*** Opening of DATASET RECORDS ***

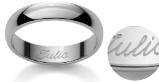
Schreibschrift Ecriture anglaise
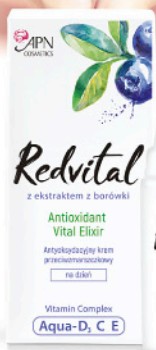
KREM NA DZIEŃ
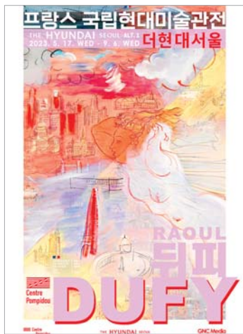
더현대 서울은 9월까지 프랑스 거장 라울 뒤편의 작품 130여 점을 전시한다.

'기쁨의 화가'로 불리는 라울 뒤편(1877~1953)은 20세기를 대표하는 미술 거장으로 손꼽히며, 회화, 일러스트레이션, 패션 등 다양한 분야에서 활약했다. 화려한 빛과 색으로 삶이 주는 행복과 기쁨을 주제로 수많은 작품을 탄생시켰다.
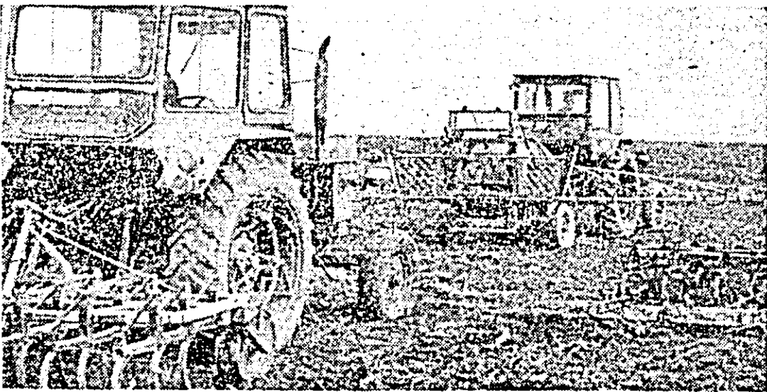
La cooperativa agricolă din Siclau se acționează intens la pregătirea și erbicidarea terenului pentru floarea-soarelui.

plan. Sînt avansate unitățile agricole cooperatiste din C.E.A.S.C. Sintana, Felnac, Nadlac, Arad, dar trebuie urmat ritmul de lucru în cele din consiliile unice Pecica, Chișineu Cris, Cormeș, Beliu și Timova, rămase în urmă. Totodată, să se treacă cu toate forțele și la în sămînțatul porumbului și florei-soarelui, acționîndu-se cu cuplaje de utilaje pentru mărirea vitezei zăpezii și economisirea energiei.

*** Close of DATASET RECORDS ***

Leaving all pictures aside, print exactly the lines from the one that contains "더현대 서울은 9월까지 프랑스 거장 라울 뒤편의 작품 130여 점을 전시한다." through the last line of the data above, inclusive.

더현대 서울은 9월까지 프랑스 거장 라울 뒤편의 작품 130여 점을 전시한다.

'기쁨의 화가'로 불리는 라울 뒤편(1877~1953)은 20세기를 대표하는 미술 거장으로 손꼽히며, 회화, 일러스트레이션, 패션 등 다양한 분야에서 활약했다. 화려한 빛과 색으로 삶이 주는 행복과 기쁨을 주제로 수많은 작품을 탄생시켰다.
La cooperativa agricolă din Siclau se acționează intens la pregătirea și erbicidarea terenului pentru floarea-soarelui.

plan. Sînt avansate unitățile agricole cooperatiste din C.E.A.S.C. Sintana, Felnac, Nadlac, Arad, dar trebuie urmat ritmul de lucru în cele din consiliile unice Pecica, Chișineu Cris, Cormeș, Beliu și Timova, rămase în urmă. Totodată, să se treacă cu toate forțele și la în sămînțatul porumbului și florei-soarelui, acționîndu-se cu cuplaje de utilaje pentru mărirea vitezei zăpezii și economisirea energiei.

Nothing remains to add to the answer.